REGISTER: https://primetime.bluejeans.com/a2m/register/rgyxupxq

Saturn’s largest moon, Titan, is an Ocean World with a dense atmosphere, abundant complex organic material on its icy surface, and a liquid-water ocean in its interior. The joint NASA-ESA Cassini-Huygens mission revealed Titan to be surprisingly Earth-like, with active geological processes and opportunities for organic material to have mixed with liquid water on the surface in the past.
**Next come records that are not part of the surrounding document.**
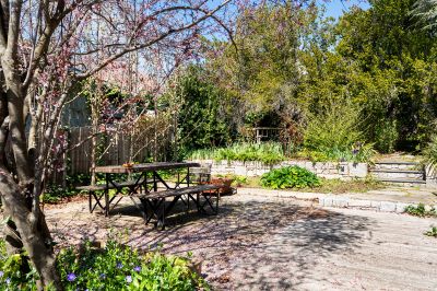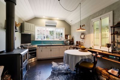 At the heart of the home, the kitchen and dining area is a welcoming space with a solid wood heater and baker's oven, freestanding gas cooktop, and split system. It overlooks a private side entertaining area, perfect for long lunches and quiet evenings.
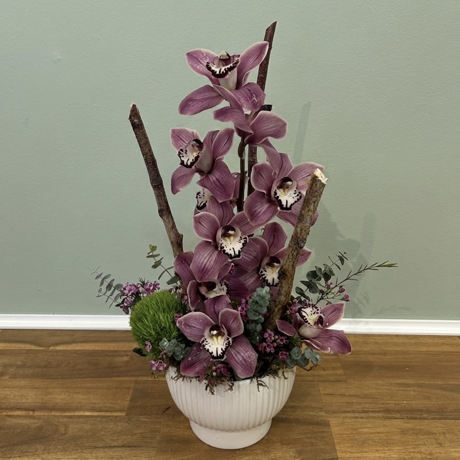 This striking sculptural piece features a majestic vertical display of premium cymbidium orchids in a rich, dusty plum. Intertwined with natural, birch branches and grounded by a plush mound of vibrant forest moss, this arrangement brings an organic, high-design aesthetic to any space.
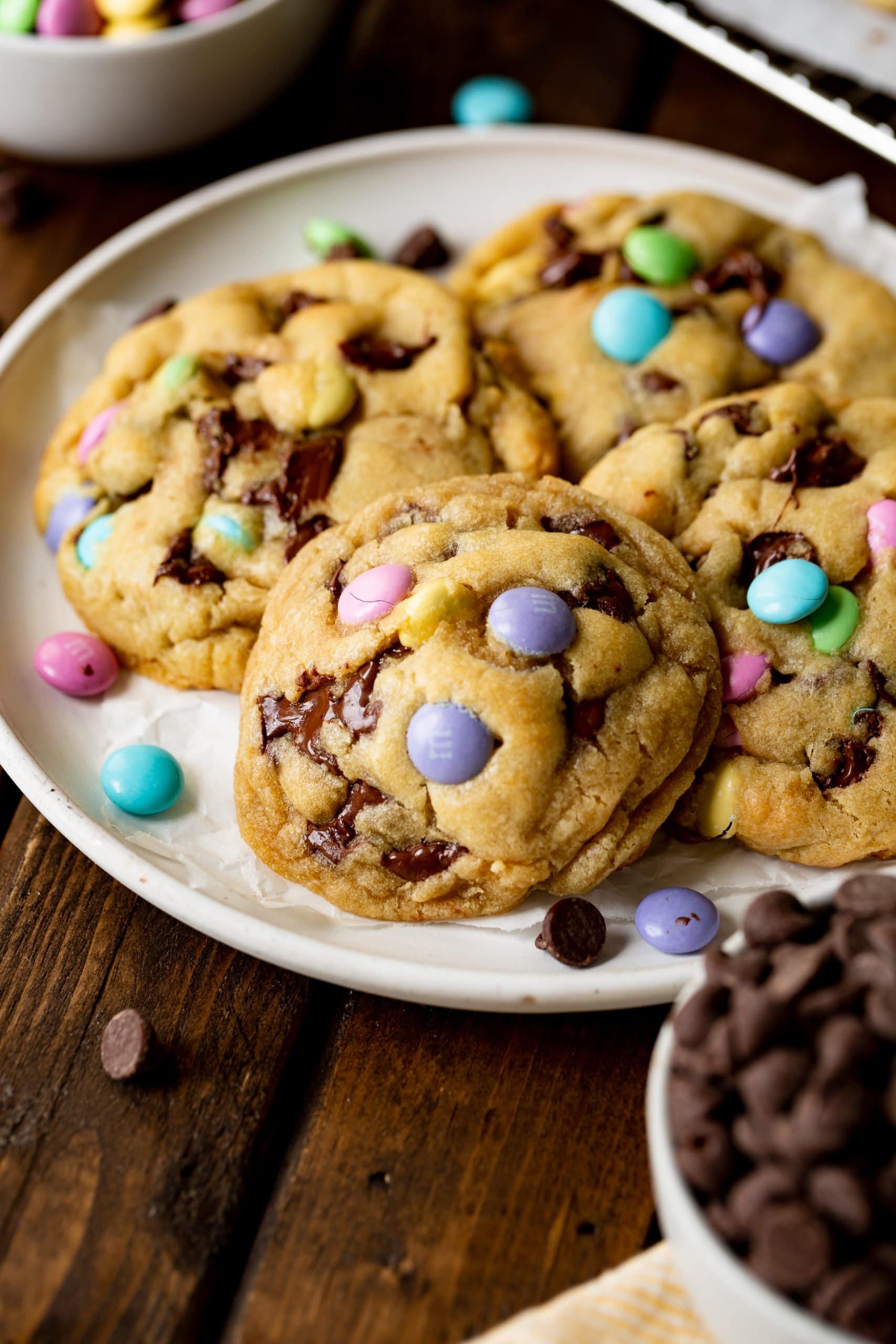 a photo of a white serving plate full of thick and golden Easter m&m chocolate chip cookies.

These attributes make Titan a singular destination to seek answers to fundamental questions about what makes a planet or moon habitable and about the pre-biotic chemical processes that led to the development of life here on Earth.
 
NASA’s Dragonfly New Frontiers mission is a rotorcraft lander designed to perform wide-ranging in situ investigation of the chemistry and habitability of this fascinating extraterrestrial environment. Taking advantage of Titan’s dense atmosphere and low gravity, Dragonfly can fly from place to place, exploring diverse geological settings to measure the compositions of surface materials and observe Titan’s geology and meteorology. Dragonfly will make multidisciplinary science measurements at dozens of sites, traveling ~150 km during a 3-year mission to characterize Titan’s habitability and determine how far organic chemistry has progressed in environments that provide key ingredients for life.
 
Speaker bio: Dr. Elizabeth (Zibi) Turtle is a planetary scientist at the Johns Hopkins Applied Physics Laboratory. Her research combines remote-sensing observations and numerical geophysical models to study geological structures and their implications for planetary surfaces, interiors, and evolution, including tectonics and impact cratering on terrestrial planets and outer planet satellites, the thickness of Europa’s ice shell, Ionian mountain formation, and Titan’s lakes and weather. She is the Principal Investigator for the Dragonfly New Frontiers mission to Titan and the Europa Imaging System (EIS) cameras on the Europa Clipper mission, and has participated in the Galileo, Cassini, and Lunar Reconnaissance Orbiter missions. She earned her Ph.D. in Planetary Sciences from Univ. Arizona and B.S. in Physics from MIT.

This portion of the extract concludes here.